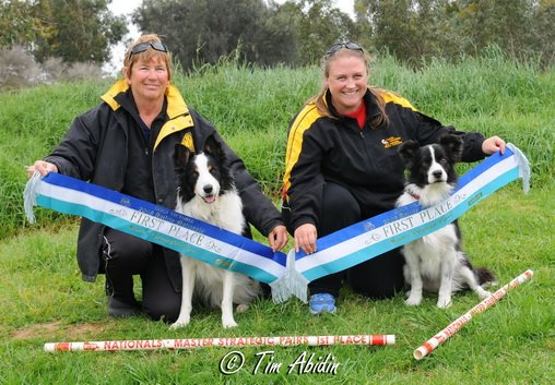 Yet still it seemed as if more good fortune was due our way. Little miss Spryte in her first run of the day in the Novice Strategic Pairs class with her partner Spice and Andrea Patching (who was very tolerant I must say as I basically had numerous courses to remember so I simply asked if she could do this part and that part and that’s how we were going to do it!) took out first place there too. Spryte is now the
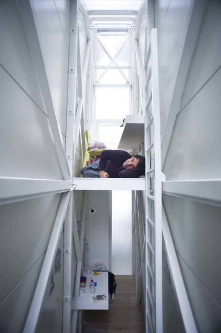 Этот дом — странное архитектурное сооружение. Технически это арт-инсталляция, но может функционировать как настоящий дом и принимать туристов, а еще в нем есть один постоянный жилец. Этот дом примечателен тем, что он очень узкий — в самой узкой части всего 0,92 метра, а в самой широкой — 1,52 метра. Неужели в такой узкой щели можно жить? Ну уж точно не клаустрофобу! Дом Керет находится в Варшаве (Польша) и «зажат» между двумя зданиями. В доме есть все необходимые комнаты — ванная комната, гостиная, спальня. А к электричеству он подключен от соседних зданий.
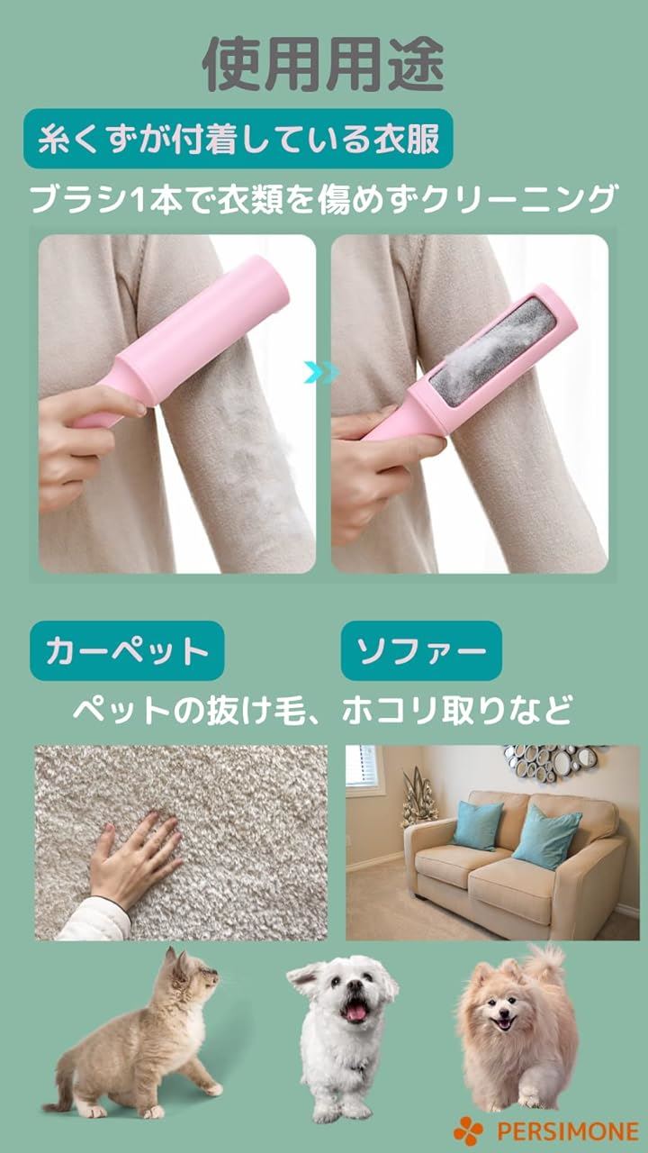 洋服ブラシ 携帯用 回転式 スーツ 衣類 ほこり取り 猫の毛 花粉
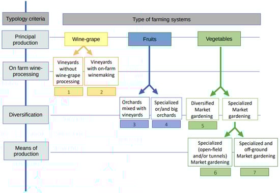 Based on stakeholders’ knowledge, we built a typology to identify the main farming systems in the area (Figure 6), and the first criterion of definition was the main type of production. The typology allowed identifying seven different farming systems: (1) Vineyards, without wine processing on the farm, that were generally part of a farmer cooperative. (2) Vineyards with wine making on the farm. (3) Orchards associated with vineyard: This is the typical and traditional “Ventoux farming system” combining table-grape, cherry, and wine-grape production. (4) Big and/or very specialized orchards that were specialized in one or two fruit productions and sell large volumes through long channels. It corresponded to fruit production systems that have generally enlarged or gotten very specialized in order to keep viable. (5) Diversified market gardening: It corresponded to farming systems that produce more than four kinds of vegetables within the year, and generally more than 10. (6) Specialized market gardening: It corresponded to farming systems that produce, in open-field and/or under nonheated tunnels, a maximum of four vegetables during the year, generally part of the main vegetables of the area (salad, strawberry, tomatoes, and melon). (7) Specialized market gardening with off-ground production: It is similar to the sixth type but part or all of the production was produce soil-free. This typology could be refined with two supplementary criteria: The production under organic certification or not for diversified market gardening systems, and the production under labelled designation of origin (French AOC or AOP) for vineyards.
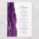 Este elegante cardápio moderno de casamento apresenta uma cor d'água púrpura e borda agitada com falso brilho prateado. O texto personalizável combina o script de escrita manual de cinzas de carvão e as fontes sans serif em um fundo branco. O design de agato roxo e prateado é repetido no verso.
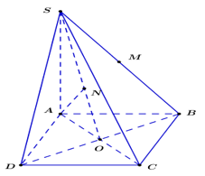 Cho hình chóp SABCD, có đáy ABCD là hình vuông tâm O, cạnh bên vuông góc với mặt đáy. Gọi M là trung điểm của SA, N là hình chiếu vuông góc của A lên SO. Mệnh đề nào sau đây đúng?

════════════════════

Work to be completed.
Each line above should be written out again exactly, without any image.

Completed task.
 Yet still it seemed as if more good fortune was due our way. Little miss Spryte in her first run of the day in the Novice Strategic Pairs class with her partner Spice and Andrea Patching (who was very tolerant I must say as I basically had numerous courses to remember so I simply asked if she could do this part and that part and that’s how we were going to do it!) took out first place there too. Spryte is now the
 Этот дом — странное архитектурное сооружение. Технически это арт-инсталляция, но может функционировать как настоящий дом и принимать туристов, а еще в нем есть один постоянный жилец. Этот дом примечателен тем, что он очень узкий — в самой узкой части всего 0,92 метра, а в самой широкой — 1,52 метра. Неужели в такой узкой щели можно жить? Ну уж точно не клаустрофобу! Дом Керет находится в Варшаве (Польша) и «зажат» между двумя зданиями. В доме есть все необходимые комнаты — ванная комната, гостиная, спальня. А к электричеству он подключен от соседних зданий.
 洋服ブラシ 携帯用 回転式 スーツ 衣類 ほこり取り 猫の毛 花粉
 Based on stakeholders’ knowledge, we built a typology to identify the main farming systems in the area (Figure 6), and the first criterion of definition was the main type of production. The typology allowed identifying seven different farming systems: (1) Vineyards, without wine processing on the farm, that were generally part of a farmer cooperative. (2) Vineyards with wine making on the farm. (3) Orchards associated with vineyard: This is the typical and traditional “Ventoux farming system” combining table-grape, cherry, and wine-grape production. (4) Big and/or very specialized orchards that were specialized in one or two fruit productions and sell large volumes through long channels. It corresponded to fruit production systems that have generally enlarged or gotten very specialized in order to keep viable. (5) Diversified market gardening: It corresponded to farming systems that produce more than four kinds of vegetables within the year, and generally more than 10. (6) Specialized market gardening: It corresponded to farming systems that produce, in open-field and/or under nonheated tunnels, a maximum of four vegetables during the year, generally part of the main vegetables of the area (salad, strawberry, tomatoes, and melon). (7) Specialized market gardening with off-ground production: It is similar to the sixth type but part or all of the production was produce soil-free. This typology could be refined with two supplementary criteria: The production under organic certification or not for diversified market gardening systems, and the production under labelled designation of origin (French AOC or AOP) for vineyards.
 Este elegante cardápio moderno de casamento apresenta uma cor d'água púrpura e borda agitada com falso brilho prateado. O texto personalizável combina o script de escrita manual de cinzas de carvão e as fontes sans serif em um fundo branco. O design de agato roxo e prateado é repetido no verso.
 Cho hình chóp SABCD, có đáy ABCD là hình vuông tâm O, cạnh bên vuông góc với mặt đáy. Gọi M là trung điểm của SA, N là hình chiếu vuông góc của A lên SO. Mệnh đề nào sau đây đúng?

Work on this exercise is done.